Manif 14 juin : « ils ne contrôlent rien du tout […] nous sommes trop nombreux »

TÉMOIGNAGE — Manifestation du 14 juin, Paris.

Je pars avec la manif à 13h.

La place d’Italie est bondée, on est au coude à coude, je marche dans le cortège dans une ambiance festive et bon enfant. Je regarde autour de moi et je ne vois que des manifestants détendus et pas un seul CRS. Il y en a bien quelques-uns dans les rues latérales, mais rien à voir avec ce qu’on a connu dans les précédentes manifs. Je me dis que l’Euro de foot a dû mobiliser les brigades autour des stades et que c’est tant mieux.

Un homme tient une pancarte « Manu ciao ». Un autre porte un masque de mouton pour symboliser les Français qu’on mène à l’abattoir. Un groupe, vêtu de grenouillères en forme de lapin rose brandit un panneau « Ce matin, un lapin a tué un chasseur, c’était un lapin qui avait un fusil ». Il y a des fanfares de tambours et de trompettes, les gens chantent.

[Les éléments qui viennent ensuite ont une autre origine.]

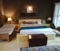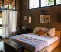 In total, Mahua Vann Resort has 12 spacious suites that comprise of 15 fully-equipped rooms. These rooms are equipped with some modern basic amenities like air conditioning, tea/coffee maker machine, wardrobe, study table, water bottle, attached bathroom with modern toiletries. There are three types of accommodation options at Mahua Vann Resort; Deluxe, Super Deluxe, and Machan Cottage. The deluxe rooms cover an area of 300-400 sq ft with a balcony and attached bathrooms. Whereas, the super deluxe cottages cover a floor area of 400 sq ft with attached bath and balcony. These cottages are perfect for couples and small families. On the other hand, machan cottage is spread over in an area of 400-450 sq ft and includes a thatched terrace. The machan cottage also includes a separate living area along with an attached bath and a balcony.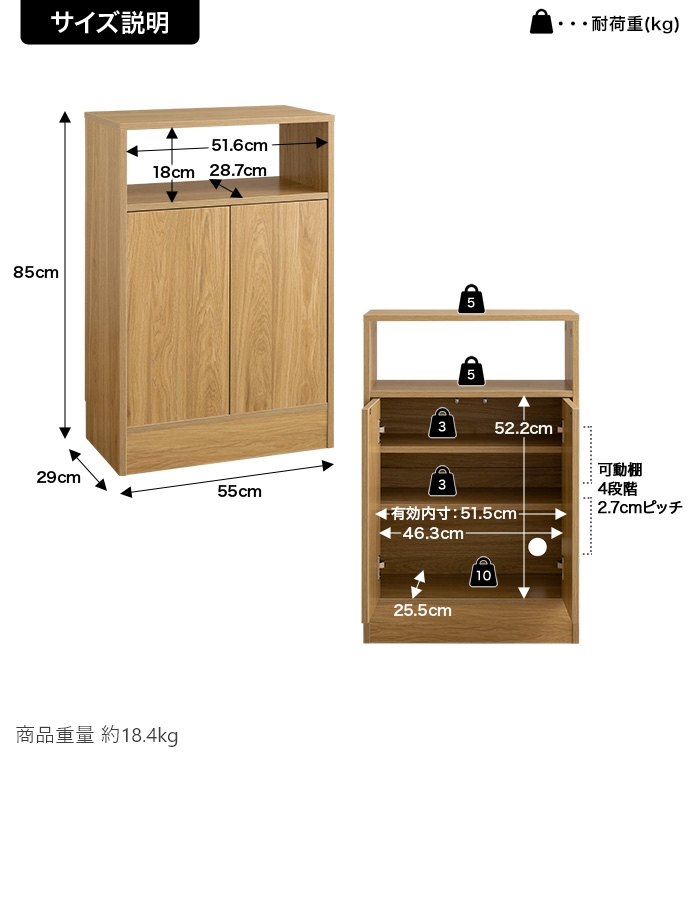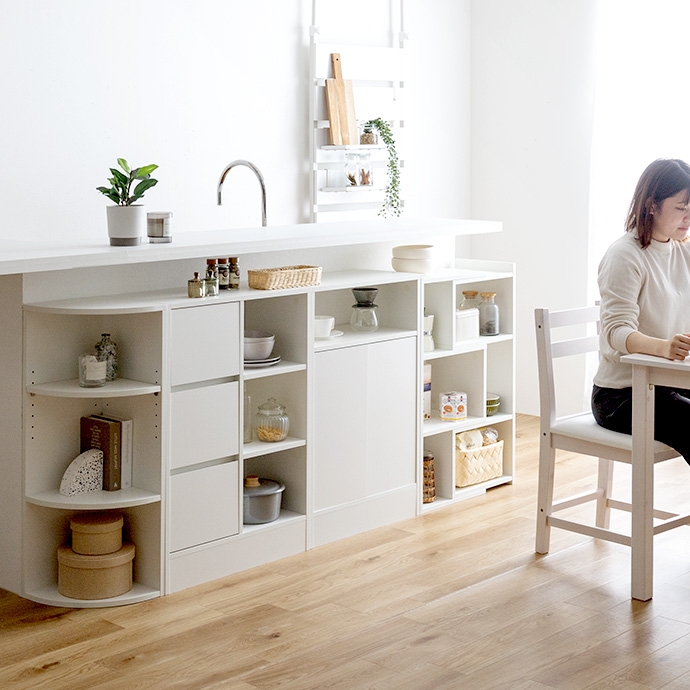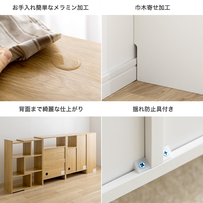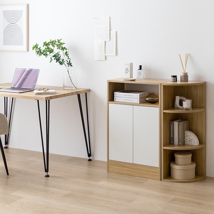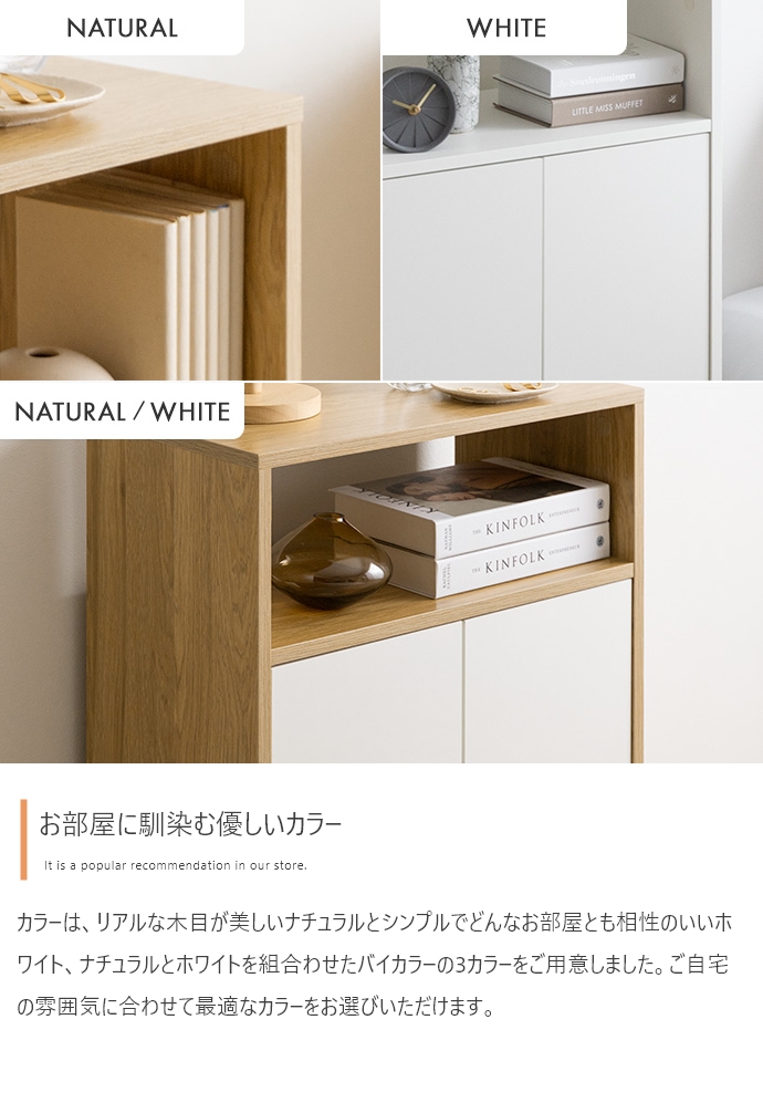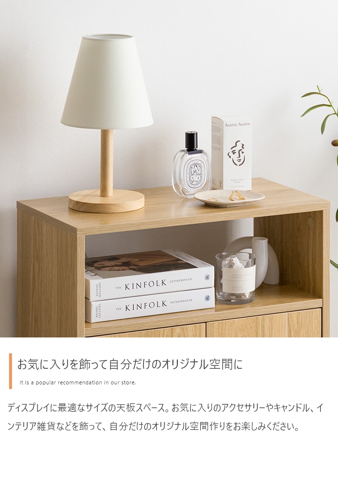 スリム設計ながら扉収納とオープン収納の2タイプを備えているため、収納物に合わせて「隠す収納」と「見せる収納」を使い分けられます。

Vers la moitié du parcours, des cordons de CRS tentent d’arrêter le cortège. Ça, ça m’exaspère depuis deux mois ! D’une main, le préfet de police donne l’autorisation de manifester, de l’autre il envoie les CRS pour empêcher le cortège d’avancer. Un double langage qui en dit long sur les manipulations politiques. L’état d’urgence a bon dos : c’est quand même bien pratique pour utiliser la force policière quand ça les arrange.

Je demande à un CRS à quoi ça rime de bloquer le cortège et il me répond que celui-ci est trop long. Ils veulent le freiner pour en réduire la longueur et mieux le contrôler. De toute façon, ils ne contrôlent rien du tout car les manifestants sont trop nombreux. A deux reprises, ceux qui sont derrière poussent ceux qui sont devant, qui eux-mêmes poussent les CRS, et le cordon s’ouvre. On passe et on continue notre chemin.

Quelques échauffourées mais rien de terrible, les dégradations dont les médias se sont repus le soir ont eu lieu après mon passage. À ce moment-là, il y a seulement quelques jets de pierre et des lancers de bombes lacrymogènes. Parlons un peu de ces gaz lacrymogènes. Je n’avais jamais connu ça avant avril 2016 ! Pourtant, j’ai fait un certain nombre de manifestations dans ma vie; désormais, quand je vais manifester, je me munis de lunettes de piscine – ou de mes vieilles lunettes de ski bien couvrantes -, d’une écharpe, et de sérum physiologique. On est en France après tout, et la France a cessé d’être le pays des droits de l’Homme. Il faut ré-écrire les livres d’histoire.

manif 14 juin Sophie (1)
Sophie / DR

A mesure qu’on approche des Invalides, les CRS sont plus visibles. Quelques cordons nous freinent mais ne durent pas longtemps. Un CRS devant qui je suis bloquée me regarde et me dit : « Avant, on pouvait repérer les casseurs, c’était ceux qui portaient des masques, maintenant, tout le monde porte un masque ». Je lui réponds qu’ils nous agressent physiquement avec les gaz lacrymogènes et qu’on se protège.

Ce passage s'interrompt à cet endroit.